» **WHAT IS EXPECTED**
Only the lines of the data below from the one with "This resulted in" through the one with "Tapestry Blanket w/" are wanted. Repeat them exactly.

» **EXERCISE INPUT**
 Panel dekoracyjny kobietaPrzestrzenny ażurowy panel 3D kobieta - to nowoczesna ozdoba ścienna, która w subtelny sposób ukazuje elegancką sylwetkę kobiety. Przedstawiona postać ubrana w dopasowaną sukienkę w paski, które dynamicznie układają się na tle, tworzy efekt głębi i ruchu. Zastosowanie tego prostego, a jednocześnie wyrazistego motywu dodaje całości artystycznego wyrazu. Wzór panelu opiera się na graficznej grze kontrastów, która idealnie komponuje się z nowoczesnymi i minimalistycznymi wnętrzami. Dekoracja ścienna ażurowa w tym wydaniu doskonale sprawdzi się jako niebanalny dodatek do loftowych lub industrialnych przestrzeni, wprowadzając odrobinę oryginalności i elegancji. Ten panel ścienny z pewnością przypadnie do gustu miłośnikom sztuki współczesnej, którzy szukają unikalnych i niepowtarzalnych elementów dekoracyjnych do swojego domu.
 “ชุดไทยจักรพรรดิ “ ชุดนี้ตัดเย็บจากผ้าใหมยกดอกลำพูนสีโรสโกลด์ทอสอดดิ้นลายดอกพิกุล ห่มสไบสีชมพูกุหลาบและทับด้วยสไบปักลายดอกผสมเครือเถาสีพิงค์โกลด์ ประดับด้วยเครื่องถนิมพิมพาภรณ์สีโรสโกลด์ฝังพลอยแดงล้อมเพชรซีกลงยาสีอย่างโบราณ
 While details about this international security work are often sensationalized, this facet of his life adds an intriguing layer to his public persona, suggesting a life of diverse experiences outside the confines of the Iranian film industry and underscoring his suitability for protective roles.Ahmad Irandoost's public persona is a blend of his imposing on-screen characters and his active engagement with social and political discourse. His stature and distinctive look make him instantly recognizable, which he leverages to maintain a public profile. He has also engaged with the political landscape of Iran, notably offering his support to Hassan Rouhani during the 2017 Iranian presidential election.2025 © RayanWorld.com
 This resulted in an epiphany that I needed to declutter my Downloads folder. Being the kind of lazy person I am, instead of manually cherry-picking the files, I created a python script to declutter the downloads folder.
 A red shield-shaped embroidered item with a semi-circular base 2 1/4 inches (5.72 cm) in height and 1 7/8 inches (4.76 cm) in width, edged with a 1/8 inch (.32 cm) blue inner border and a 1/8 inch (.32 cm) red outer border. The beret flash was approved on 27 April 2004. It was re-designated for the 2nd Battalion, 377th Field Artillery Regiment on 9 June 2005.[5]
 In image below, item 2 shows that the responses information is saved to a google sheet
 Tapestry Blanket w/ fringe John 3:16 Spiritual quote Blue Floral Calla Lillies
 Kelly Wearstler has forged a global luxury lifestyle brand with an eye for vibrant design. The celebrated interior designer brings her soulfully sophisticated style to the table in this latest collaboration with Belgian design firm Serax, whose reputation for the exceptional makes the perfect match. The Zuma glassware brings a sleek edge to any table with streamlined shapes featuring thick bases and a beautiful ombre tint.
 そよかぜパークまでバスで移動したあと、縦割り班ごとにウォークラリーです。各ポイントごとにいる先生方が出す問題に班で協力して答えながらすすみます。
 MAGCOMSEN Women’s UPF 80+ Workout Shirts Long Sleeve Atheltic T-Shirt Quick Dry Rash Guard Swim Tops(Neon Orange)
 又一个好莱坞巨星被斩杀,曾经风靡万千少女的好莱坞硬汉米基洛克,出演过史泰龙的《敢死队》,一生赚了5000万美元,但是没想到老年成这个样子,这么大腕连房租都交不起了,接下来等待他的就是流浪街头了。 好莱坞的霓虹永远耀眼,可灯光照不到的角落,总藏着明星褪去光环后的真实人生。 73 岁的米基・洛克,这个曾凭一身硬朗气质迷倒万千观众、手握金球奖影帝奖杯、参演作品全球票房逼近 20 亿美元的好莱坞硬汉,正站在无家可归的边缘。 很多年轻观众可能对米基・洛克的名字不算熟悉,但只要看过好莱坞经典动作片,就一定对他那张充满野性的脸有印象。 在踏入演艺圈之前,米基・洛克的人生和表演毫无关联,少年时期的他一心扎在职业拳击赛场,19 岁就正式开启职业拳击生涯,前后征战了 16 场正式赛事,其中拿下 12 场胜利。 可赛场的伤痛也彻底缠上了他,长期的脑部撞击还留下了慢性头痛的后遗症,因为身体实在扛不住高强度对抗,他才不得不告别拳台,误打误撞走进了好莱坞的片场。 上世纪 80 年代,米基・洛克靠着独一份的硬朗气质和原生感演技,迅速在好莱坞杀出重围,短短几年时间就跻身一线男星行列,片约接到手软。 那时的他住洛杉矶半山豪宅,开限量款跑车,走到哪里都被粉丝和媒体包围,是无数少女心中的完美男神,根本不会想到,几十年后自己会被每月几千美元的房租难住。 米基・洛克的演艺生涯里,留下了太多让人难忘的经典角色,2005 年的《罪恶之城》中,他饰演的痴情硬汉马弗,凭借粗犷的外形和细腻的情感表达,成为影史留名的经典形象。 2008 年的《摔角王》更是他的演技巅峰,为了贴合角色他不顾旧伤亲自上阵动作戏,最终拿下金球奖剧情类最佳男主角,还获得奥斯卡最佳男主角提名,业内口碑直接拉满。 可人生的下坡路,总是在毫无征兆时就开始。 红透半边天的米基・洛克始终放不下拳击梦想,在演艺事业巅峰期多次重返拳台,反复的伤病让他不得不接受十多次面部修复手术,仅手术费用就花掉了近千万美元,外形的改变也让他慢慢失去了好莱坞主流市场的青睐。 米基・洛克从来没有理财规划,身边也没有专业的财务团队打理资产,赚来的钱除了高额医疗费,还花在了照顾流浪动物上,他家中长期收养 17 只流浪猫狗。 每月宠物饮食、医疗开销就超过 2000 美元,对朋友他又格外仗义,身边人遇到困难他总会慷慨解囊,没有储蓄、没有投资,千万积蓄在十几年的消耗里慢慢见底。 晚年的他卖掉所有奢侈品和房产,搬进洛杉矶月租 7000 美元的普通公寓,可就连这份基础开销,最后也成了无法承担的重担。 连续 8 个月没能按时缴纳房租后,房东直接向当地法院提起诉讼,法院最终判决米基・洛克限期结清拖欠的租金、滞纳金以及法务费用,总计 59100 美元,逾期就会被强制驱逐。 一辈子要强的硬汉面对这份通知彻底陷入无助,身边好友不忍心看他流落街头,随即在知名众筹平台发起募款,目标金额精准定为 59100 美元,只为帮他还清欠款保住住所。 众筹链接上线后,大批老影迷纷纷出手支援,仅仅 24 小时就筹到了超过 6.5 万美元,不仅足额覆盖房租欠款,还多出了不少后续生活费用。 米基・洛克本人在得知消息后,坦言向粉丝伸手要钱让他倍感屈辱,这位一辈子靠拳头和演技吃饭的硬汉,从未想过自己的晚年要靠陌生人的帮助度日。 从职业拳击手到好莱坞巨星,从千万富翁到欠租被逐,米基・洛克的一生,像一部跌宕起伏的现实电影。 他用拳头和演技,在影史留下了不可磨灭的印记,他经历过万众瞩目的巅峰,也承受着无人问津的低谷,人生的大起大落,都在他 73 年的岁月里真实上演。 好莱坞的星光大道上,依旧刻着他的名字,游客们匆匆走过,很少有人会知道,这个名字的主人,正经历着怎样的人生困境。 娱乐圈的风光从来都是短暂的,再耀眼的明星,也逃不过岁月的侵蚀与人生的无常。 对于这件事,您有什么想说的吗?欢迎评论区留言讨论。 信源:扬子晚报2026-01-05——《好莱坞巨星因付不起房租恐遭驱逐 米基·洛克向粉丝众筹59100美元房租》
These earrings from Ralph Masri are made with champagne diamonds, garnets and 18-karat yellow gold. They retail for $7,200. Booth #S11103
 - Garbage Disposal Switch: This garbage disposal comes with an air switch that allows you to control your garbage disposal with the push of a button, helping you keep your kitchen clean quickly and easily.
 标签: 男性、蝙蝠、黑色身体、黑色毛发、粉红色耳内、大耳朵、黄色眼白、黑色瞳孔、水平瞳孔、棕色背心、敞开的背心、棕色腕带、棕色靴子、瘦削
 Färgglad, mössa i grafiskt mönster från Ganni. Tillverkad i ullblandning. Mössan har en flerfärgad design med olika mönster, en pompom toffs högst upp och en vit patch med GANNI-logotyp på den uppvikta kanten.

» **RESULT**
 This resulted in an epiphany that I needed to declutter my Downloads folder. Being the kind of lazy person I am, instead of manually cherry-picking the files, I created a python script to declutter the downloads folder.
 A red shield-shaped embroidered item with a semi-circular base 2 1/4 inches (5.72 cm) in height and 1 7/8 inches (4.76 cm) in width, edged with a 1/8 inch (.32 cm) blue inner border and a 1/8 inch (.32 cm) red outer border. The beret flash was approved on 27 April 2004. It was re-designated for the 2nd Battalion, 377th Field Artillery Regiment on 9 June 2005.[5]
 In image below, item 2 shows that the responses information is saved to a google sheet
 Tapestry Blanket w/ fringe John 3:16 Spiritual quote Blue Floral Calla Lillies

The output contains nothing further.